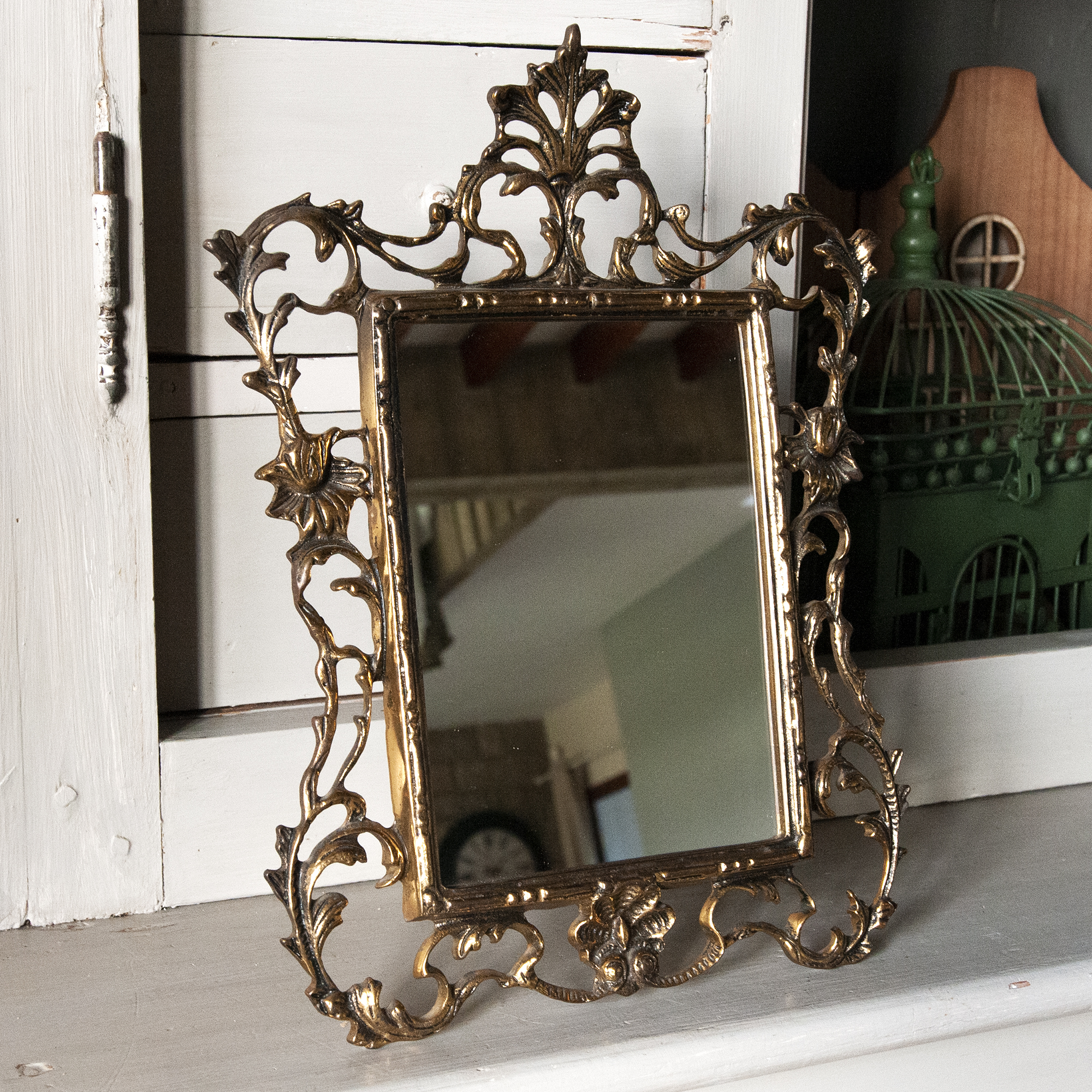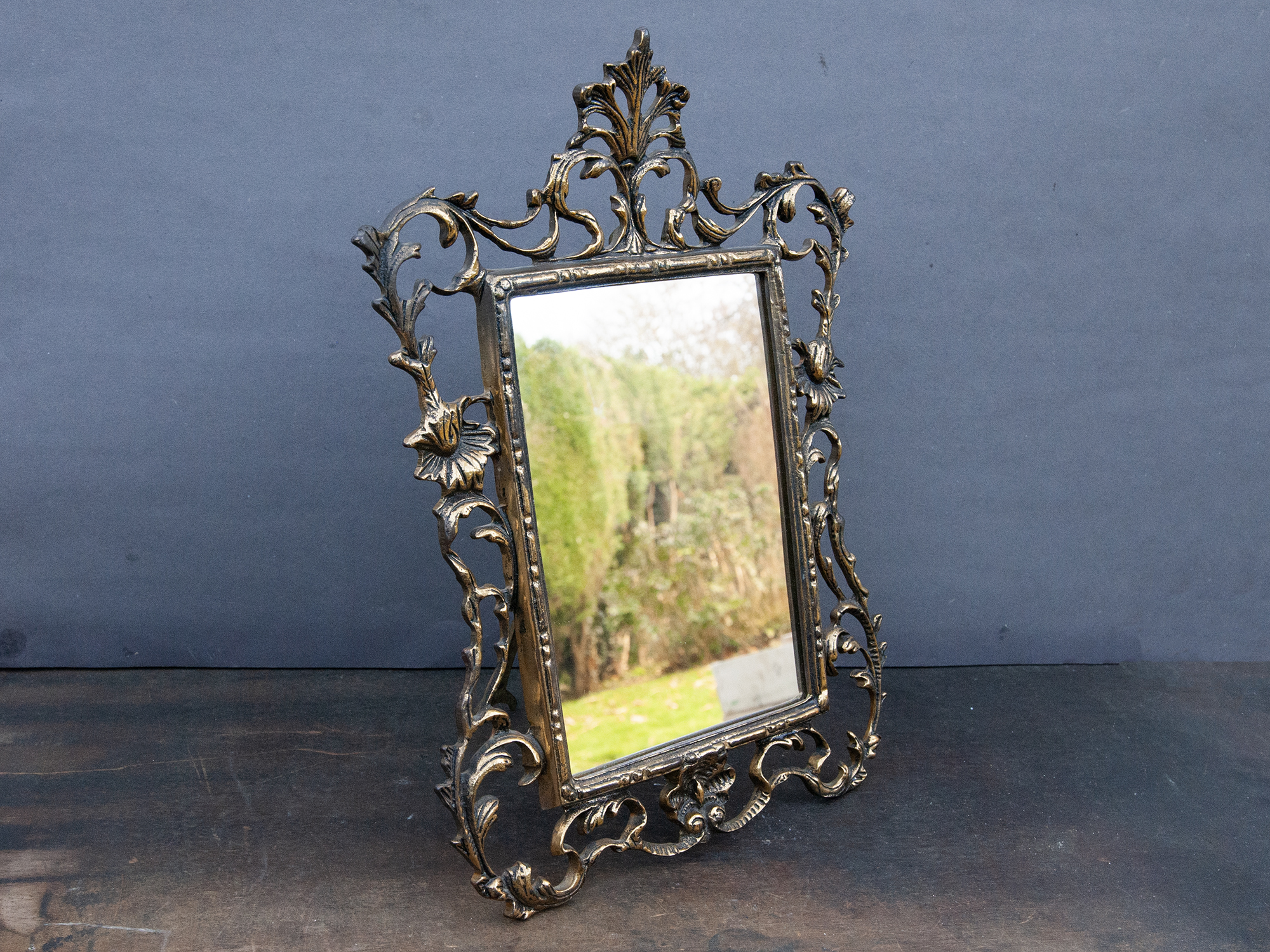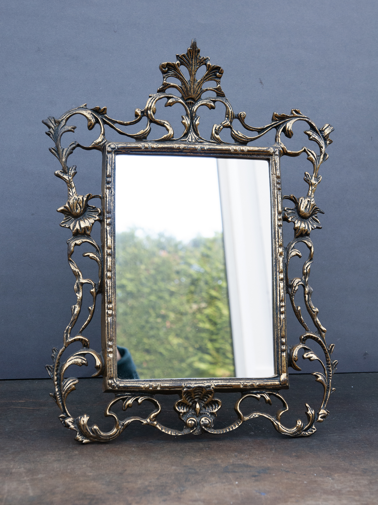 Vintage Brass Tabletop Mirror – Ornate French Rococo Vanity Mirror in Bronze
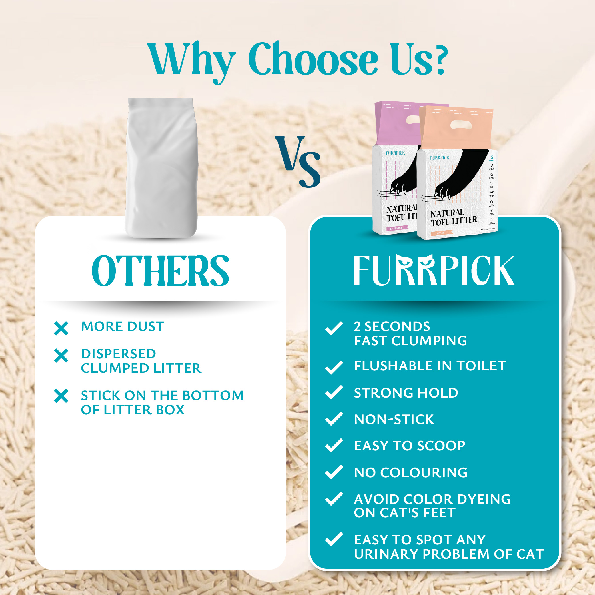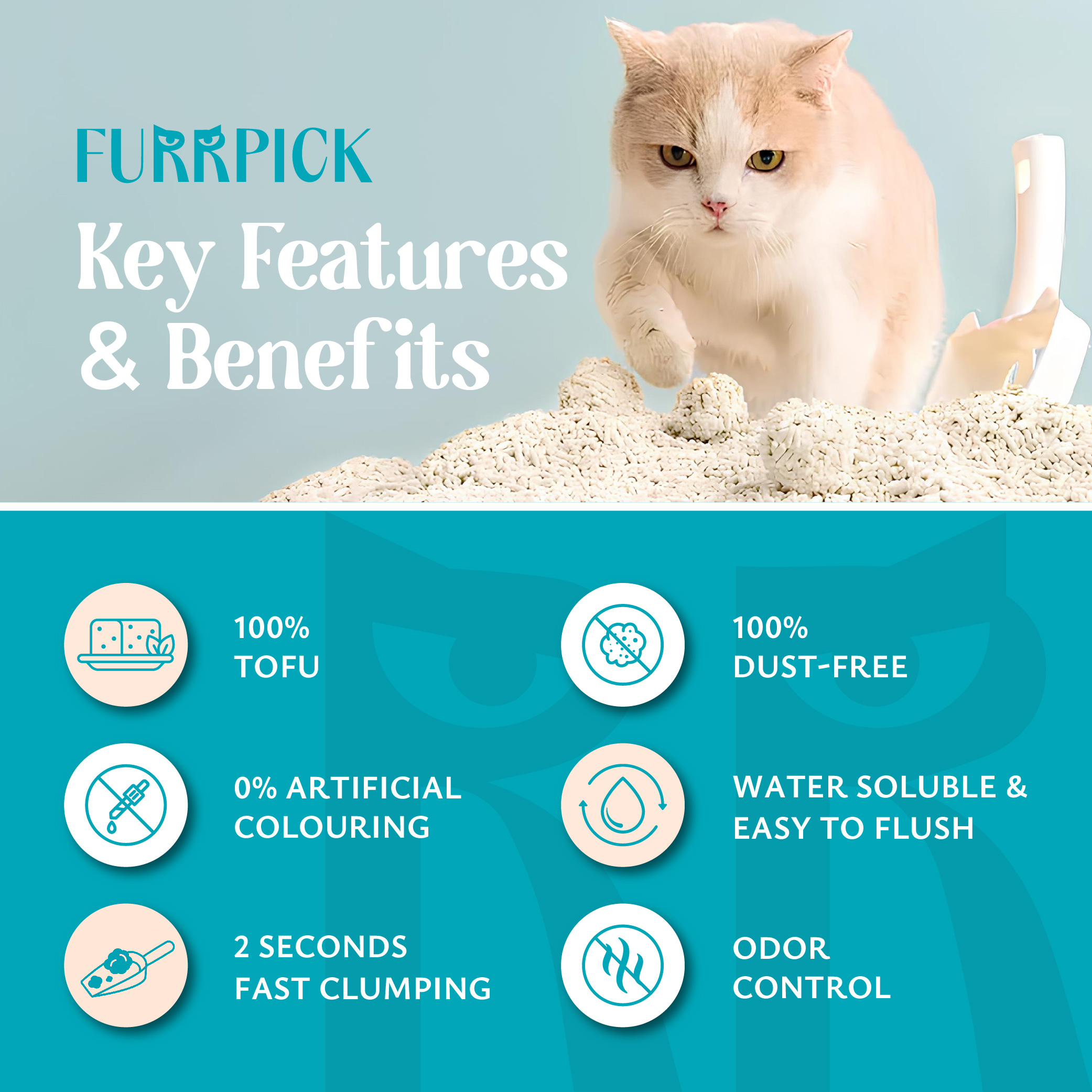✅Fast Clumping & Absorption: 2 second fast clumping, strong hold and non-stick to your litter box, makes it easy to scoop and maintain
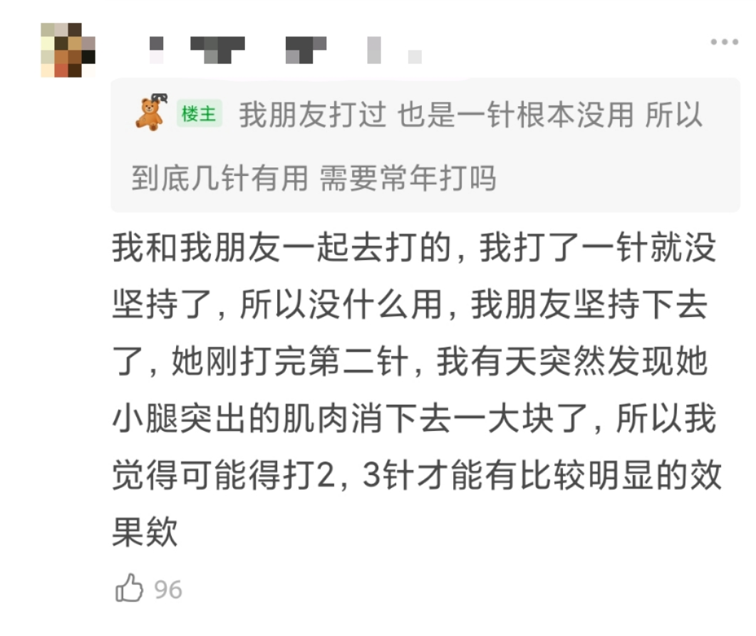 对应的高科技是瘦腿针和前段时间火起来的小腿肌肉阻断术。两种方法对比,瘦腿针要安全得多,不过瘦腿针并不是一劳永逸的事,想要永远保持芊芊玉腿,大概率每年都得给瘦腿针送钱……
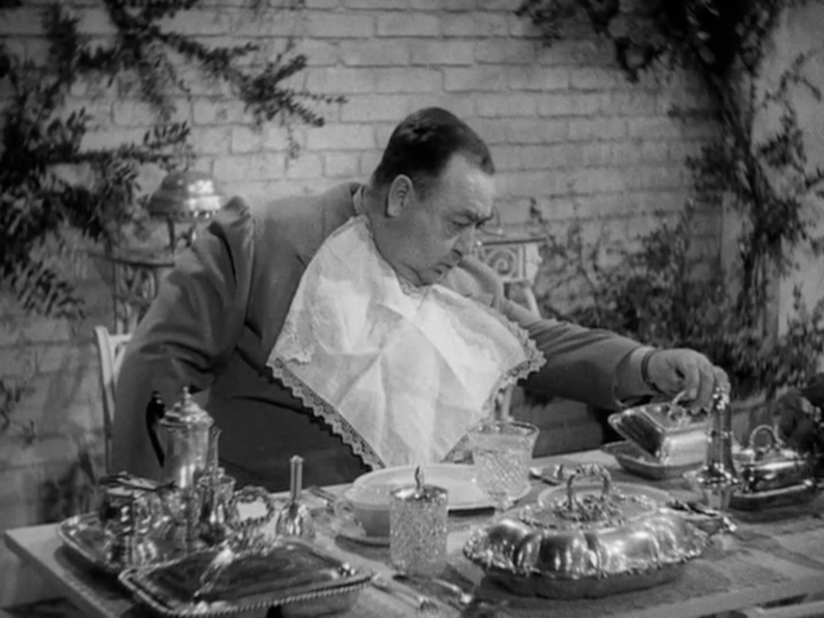 There’s a comedic interlude with Eugene Pallette as Hopsi’s father, who has no idea that he’s hosting a party that evening, and is very distressed to find that the immense household staff has forgotten his breakfast in their frenzy of party preparation:
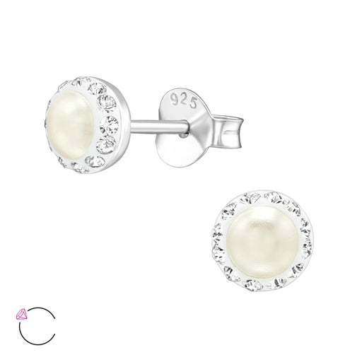 Sterling zilver 925 petit parel oorbellen- cream white met kristalletjes . Materiaal : 925 sterling zilver Afwerking : E-coat Grootte: 5 mm x 5 mm ...
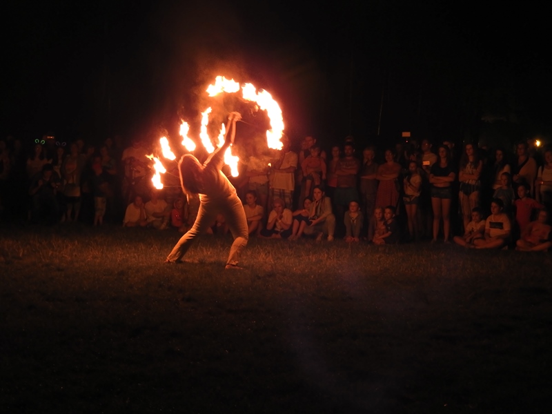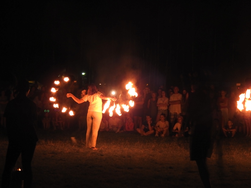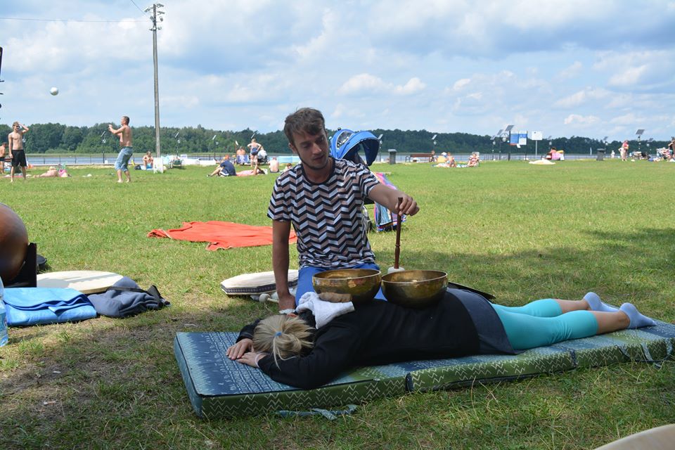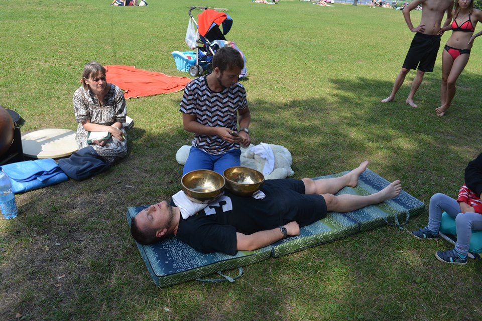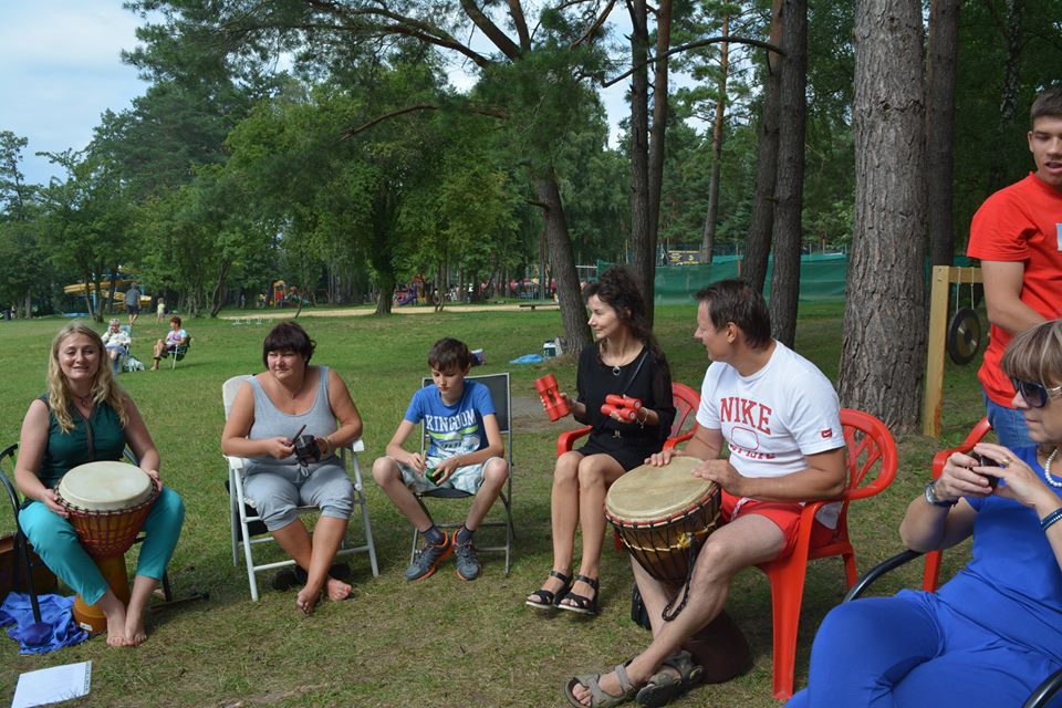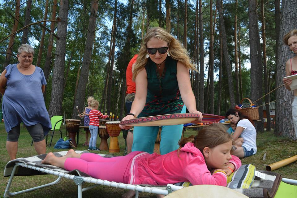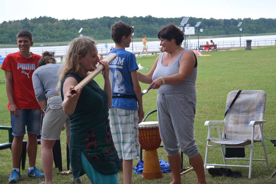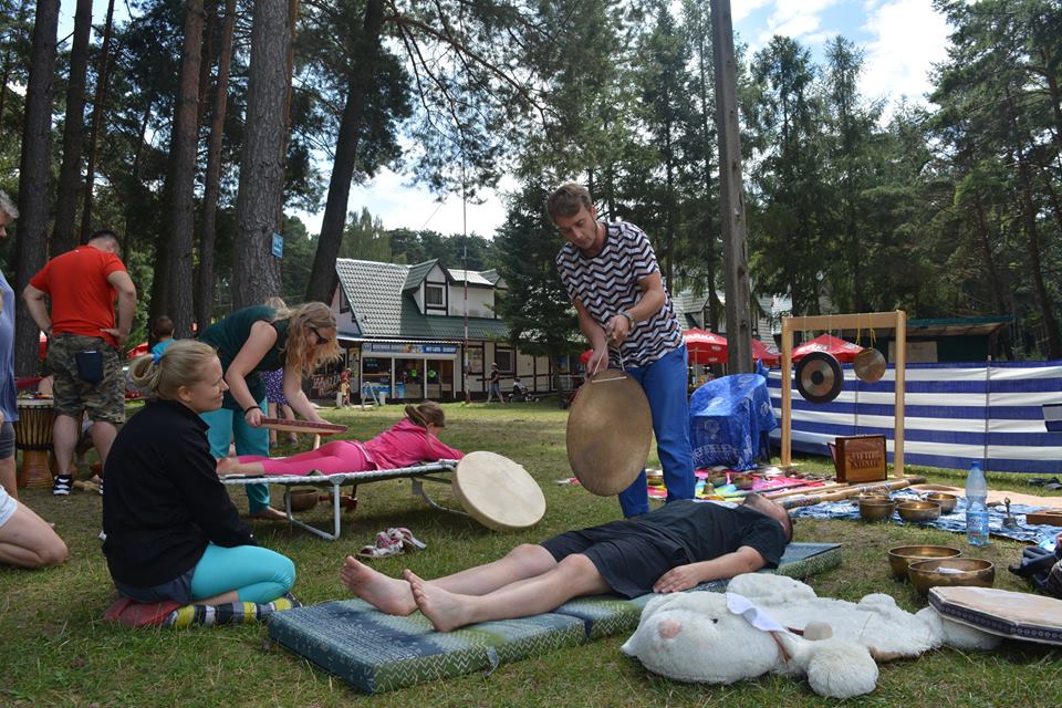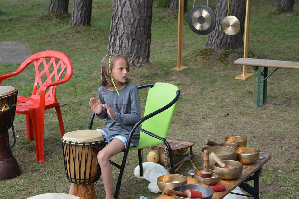 Kolejny weekend wakacji obfitował w liczne atrakcje dla dzieci, ale również i dla dorosłych na Ośrodku Wypoczynkowym Głębokie. Sobota była dniem spotkania w rytmie przyrody. Atrakcji nie zabrakło dla nikogo, kto chciał poczuć harmonię z otaczającym lasem, wiatrem, wodą. Odbyły się indywidualne masaże gongiem, misami wg. metody niemieckiego fizyka Petera Hessa, relaksacja muzykoterapeutyczna, w trakcie której można było usłyszeć misy tybetańskie, melodyjną fujarę salaśnicką, afrykańską korę, shruti box z Indii, bębny oceaniczne, gongi i wiele innych, na co dzień niespotykanych instrumentów. Z ogromnym aplauzem przyjęte zostały także aktywne zajęcia, podczas których wypoczywający na ośrodku grali na bębnach djembe i drobnych instrumentach perkusyjnych, takich jak różnego rodzaju guairach, shaikerach, kabasach, marakasach. Integrując się z otaczającą przyrodą dzieci wspólnie z dorosłymi wygrywały melodyjne rytmy, powtarzały za prowadzącymi wesołe okrzyki i śpiewy. Przebojem okazała się piosenka: „Pan dzięcioł w drzewo stuka, stuka, stuka w sosenkę”, a także afrykańska piosenka chwaląca matkę ziemię. Magiczną chwilą była wspólna gra i komunikacja za pomocą mis tybetańskich. Zajęcia poprowadzili muzykoterapeuci z Międzyrzecza i Żagania.
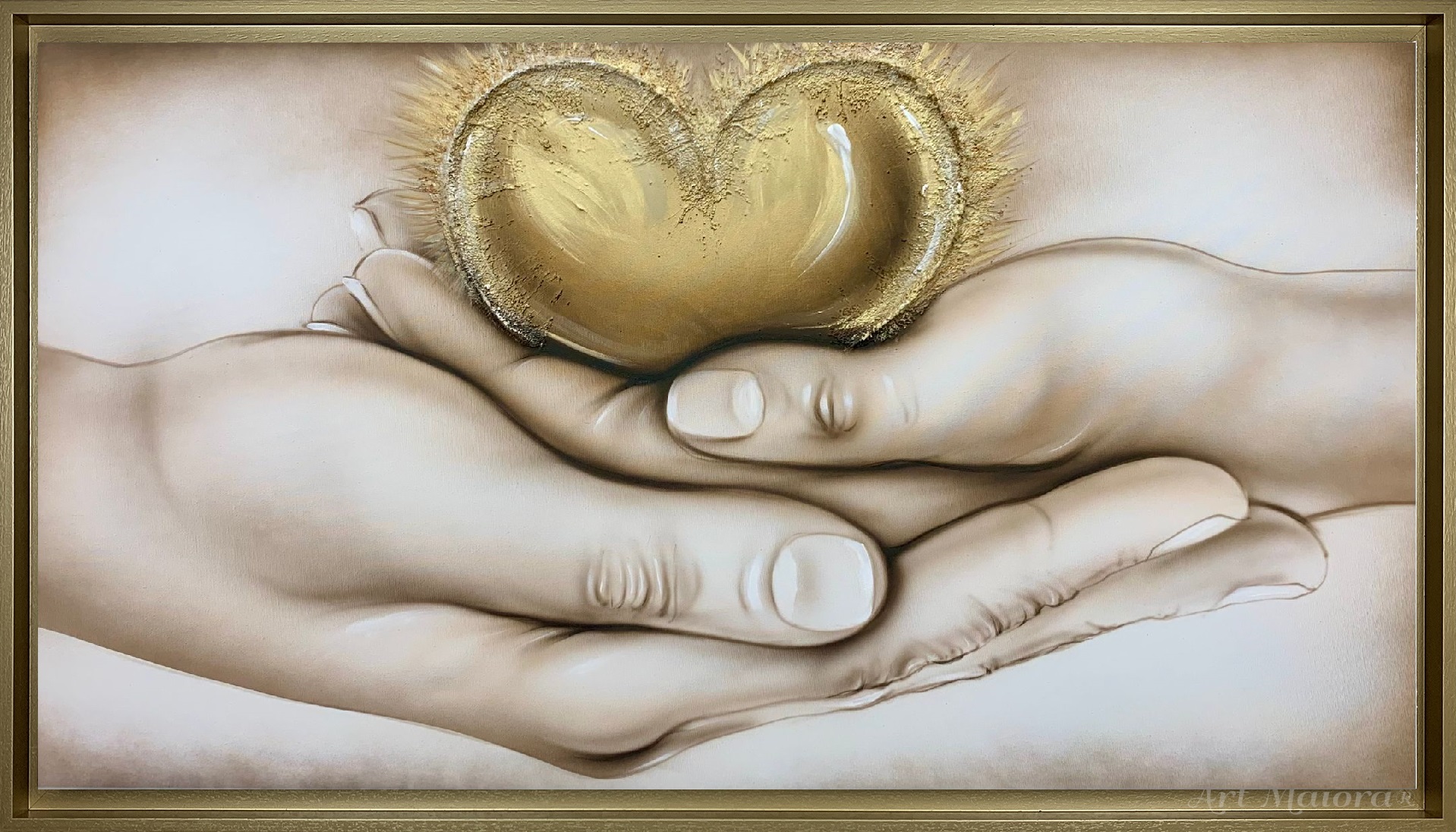 ABBRACCIO DEL CUORE CON DIMENSIONE TELA DI 110 X 65 cm con FINITURA VARIANTE TORTORA CALDO CON DECORI ORO VINTAGE in abbinamento la CORNICE AD L ORO VINTAGE. dipinto su tela realizzato a mano La dimensione finale del dipinto è 120 X 75 cm (larghezza x altezza)

• **Exercise details**
Please return, exactly as written, the lines from the first line of the records above through the line containing "Sterling zilver 925", both included, leaving out any pictures.

• **Answer to the exercise**
 Vintage Brass Tabletop Mirror – Ornate French Rococo Vanity Mirror in Bronze
✅Fast Clumping & Absorption: 2 second fast clumping, strong hold and non-stick to your litter box, makes it easy to scoop and maintain
 对应的高科技是瘦腿针和前段时间火起来的小腿肌肉阻断术。两种方法对比,瘦腿针要安全得多,不过瘦腿针并不是一劳永逸的事,想要永远保持芊芊玉腿,大概率每年都得给瘦腿针送钱……
 There’s a comedic interlude with Eugene Pallette as Hopsi’s father, who has no idea that he’s hosting a party that evening, and is very distressed to find that the immense household staff has forgotten his breakfast in their frenzy of party preparation:
 Sterling zilver 925 petit parel oorbellen- cream white met kristalletjes . Materiaal : 925 sterling zilver Afwerking : E-coat Grootte: 5 mm x 5 mm ...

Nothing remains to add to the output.